**Data shown**
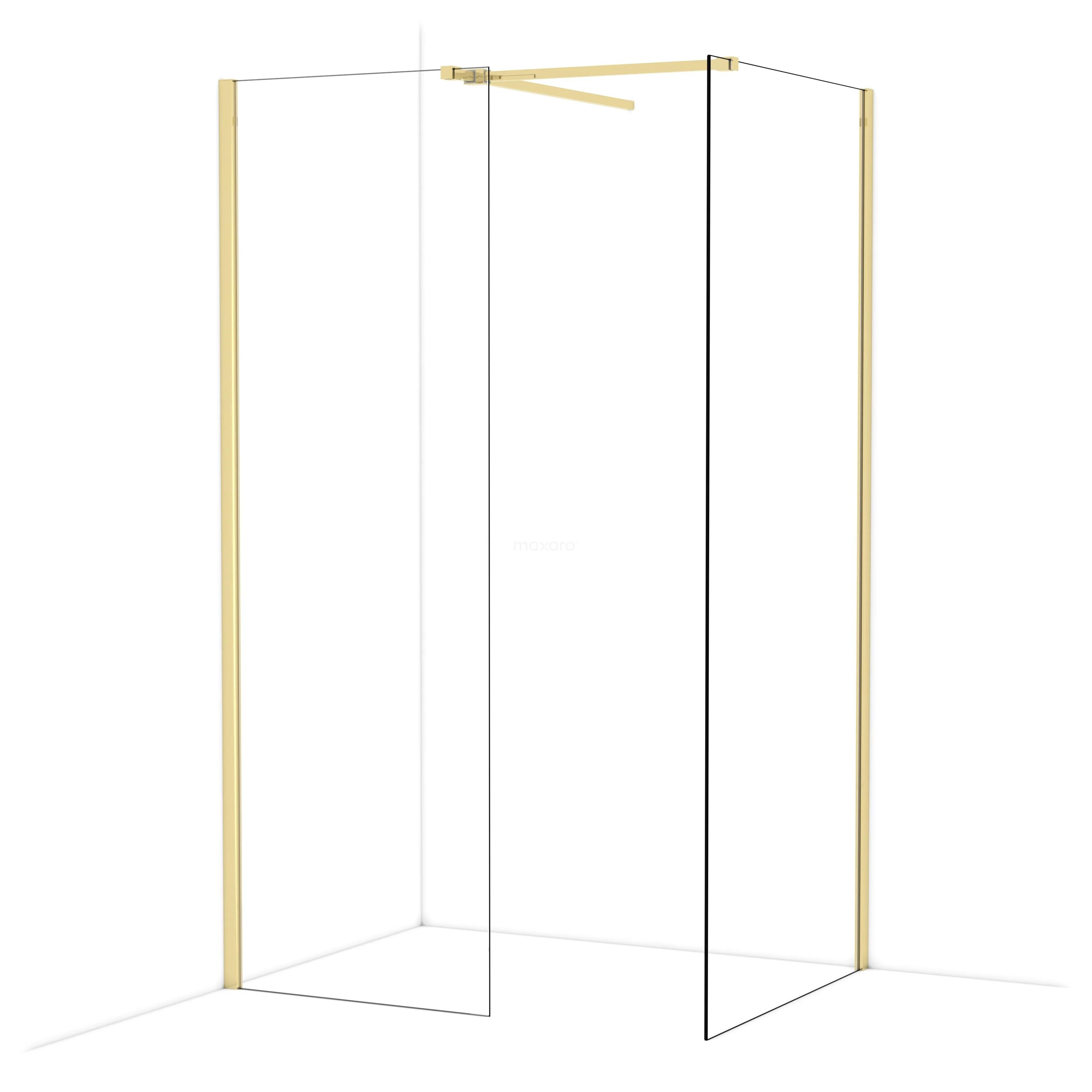 Diamond Walk-in shower | 90x70 cm Shiny light gold Clear glass 2 fixed walls
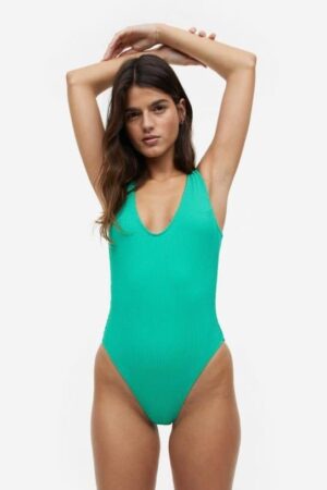 H&M mise tout d’abord sur un col en V pour équilibrer la silhouette et offrir tout le confort nécessaire pour une longue journée à la plage. La marque opte aussi pour un tissu texturé qui donne un effet ultra tendance.
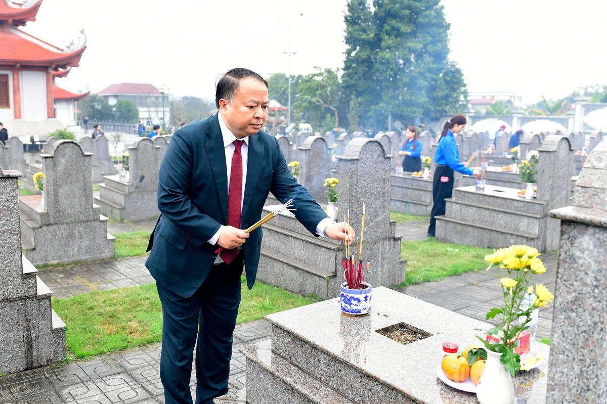 Đồng chí Phó Bí thư Tỉnh ủy, Chủ tịch UBND tỉnh Phan Huy Ngọc thắp hương tại các phần mộ Liệt sĩ.
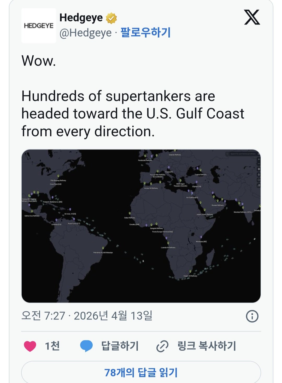 지금 전세계 각국의 정유사들이미국산 석유 구입 계약을 서두르면서호르무즈행 유조선들이 미국행으로 경로 변경ㄷㄷ이로써 모두가 불편해할 진실을 말하자면세계 경제 최후의 희망은 미국산 석유와최근 미국이 장악한 베네수엘라 석유임
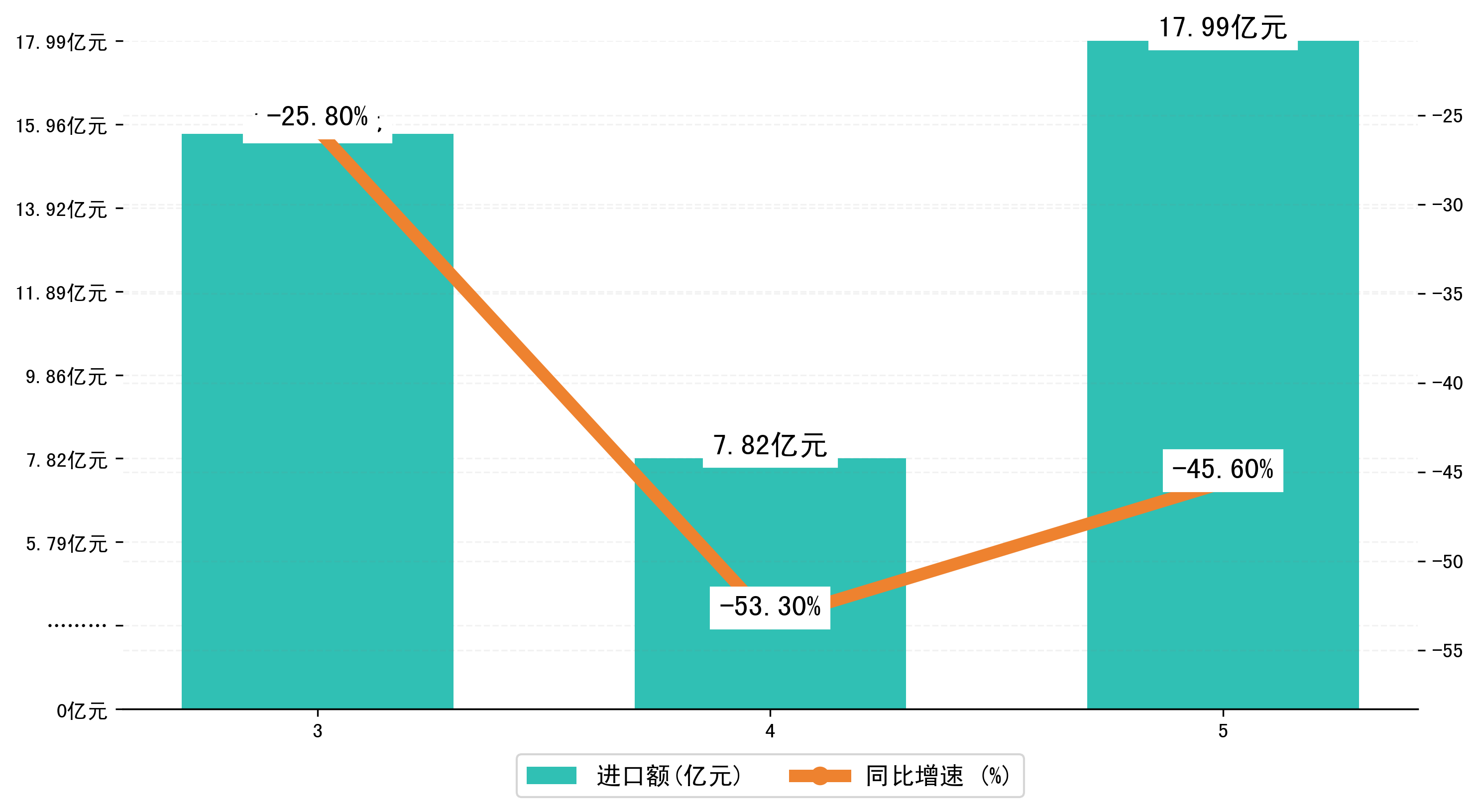 以美元计,2025年5月营口市进口额为2,5036.5707万美元,相比上月增加了1,4134.4959万美元;相比上年同期减少了2244.6256万美元,同比减少-46.20%。
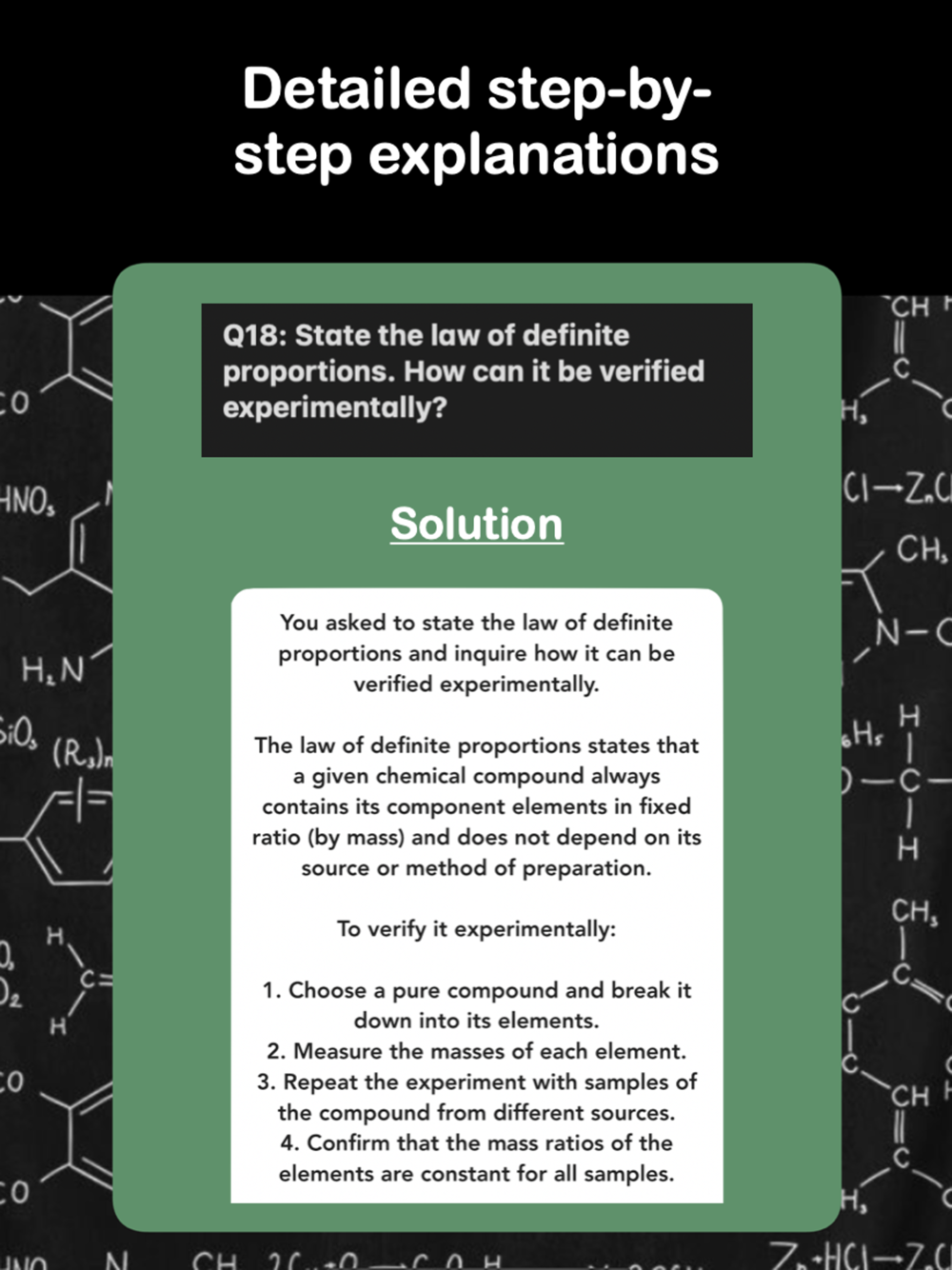 We got you covered for multiple choice, word, diagram, math, or any type of chemistry problem. Just upload or take a photo of your chemistry problems and Chem AI instantly recognizes the problem and helps you solve it with a thorough explanation.
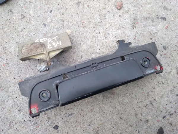 Ulompi takaluukun kahva oikealle puolelle, osanumero 1 928 207. Yhteensopiva BMW E34 pre-facelift. Kunto: Käytetty.
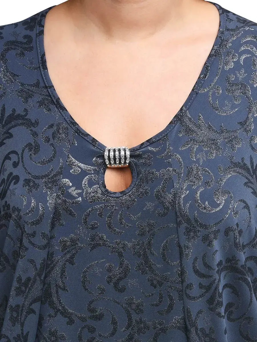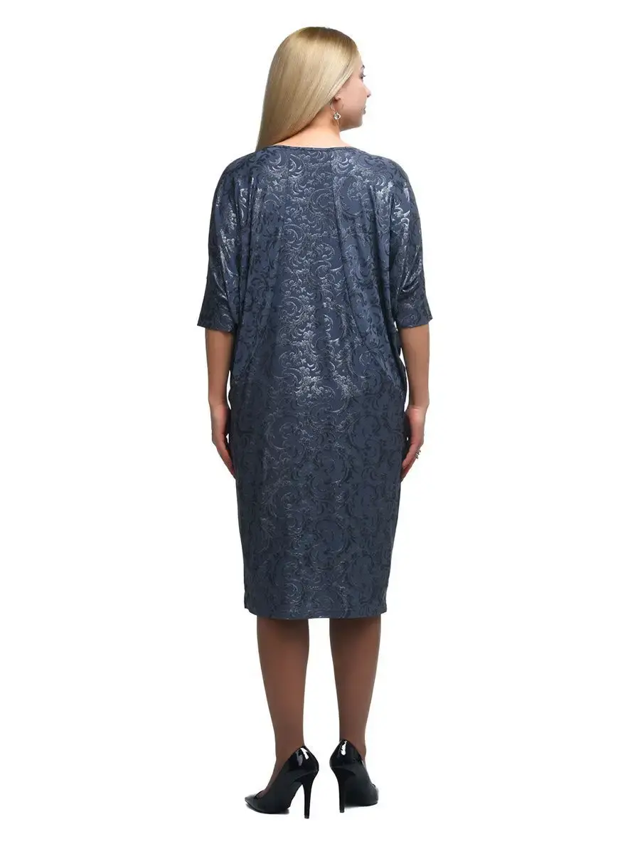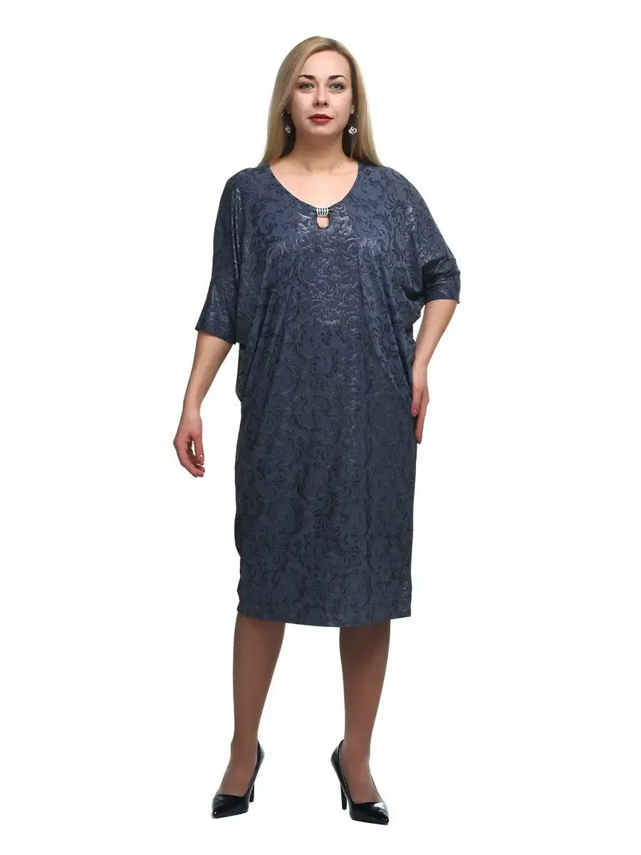 Эффектное нарядное платье из струящегося трикотажа масло с рельефным растительным принтом фойлом. Модель длиной чуть ниже колен, зауженная книзу; с V-образным вырезом горловины замочная скважина, декорированным брошью, придающей образу чувственные нотки; рукавами с широкими втачными манжетами летучая мышь 3/4.
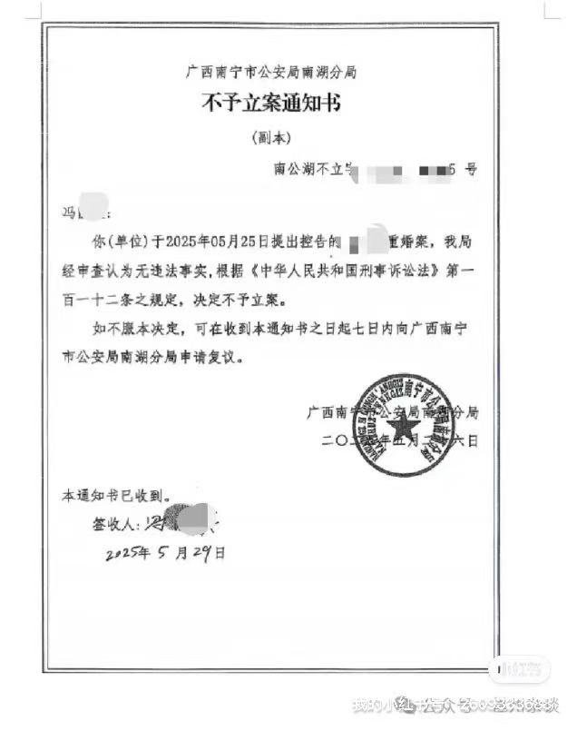 1996年,郑先生与冯某某在博白县民政局办理协议离婚,此后双方再无任何法律交集。2025年5月25日,冯某某以涉嫌重婚为由向南宁某派出所报案,警方经调查当日便出具《不予立案通知书》,彻底驳回其诉求。
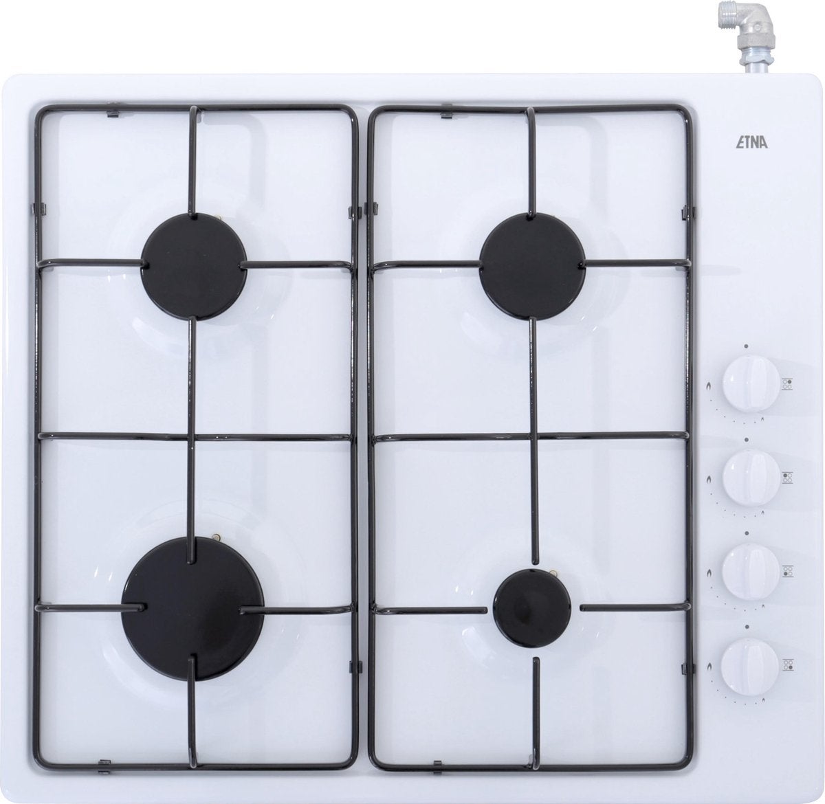 De witte vrijstaande 4-pits gaskookplaat van ETNA heeft lichte pandragers van bandstaal, die daardoor gemakkelijk schoon te houden zijn. De kookplaat beschikt ook over vlambeveiliging waardoor u zich geen zorgen hoeft te maken over de veiligheid in huis. En het design mag er ook wezen.

**Task to complete**
Can the lines from the start of the records through the line with "Эффектное нарядное платье" be given again exactly, with the pictures left out?

**Task answer**
 Diamond Walk-in shower | 90x70 cm Shiny light gold Clear glass 2 fixed walls
 H&M mise tout d’abord sur un col en V pour équilibrer la silhouette et offrir tout le confort nécessaire pour une longue journée à la plage. La marque opte aussi pour un tissu texturé qui donne un effet ultra tendance.
 Đồng chí Phó Bí thư Tỉnh ủy, Chủ tịch UBND tỉnh Phan Huy Ngọc thắp hương tại các phần mộ Liệt sĩ.
 지금 전세계 각국의 정유사들이미국산 석유 구입 계약을 서두르면서호르무즈행 유조선들이 미국행으로 경로 변경ㄷㄷ이로써 모두가 불편해할 진실을 말하자면세계 경제 최후의 희망은 미국산 석유와최근 미국이 장악한 베네수엘라 석유임
 以美元计,2025年5月营口市进口额为2,5036.5707万美元,相比上月增加了1,4134.4959万美元;相比上年同期减少了2244.6256万美元,同比减少-46.20%。
 We got you covered for multiple choice, word, diagram, math, or any type of chemistry problem. Just upload or take a photo of your chemistry problems and Chem AI instantly recognizes the problem and helps you solve it with a thorough explanation.
 Ulompi takaluukun kahva oikealle puolelle, osanumero 1 928 207. Yhteensopiva BMW E34 pre-facelift. Kunto: Käytetty.
 Эффектное нарядное платье из струящегося трикотажа масло с рельефным растительным принтом фойлом. Модель длиной чуть ниже колен, зауженная книзу; с V-образным вырезом горловины замочная скважина, декорированным брошью, придающей образу чувственные нотки; рукавами с широкими втачными манжетами летучая мышь 3/4.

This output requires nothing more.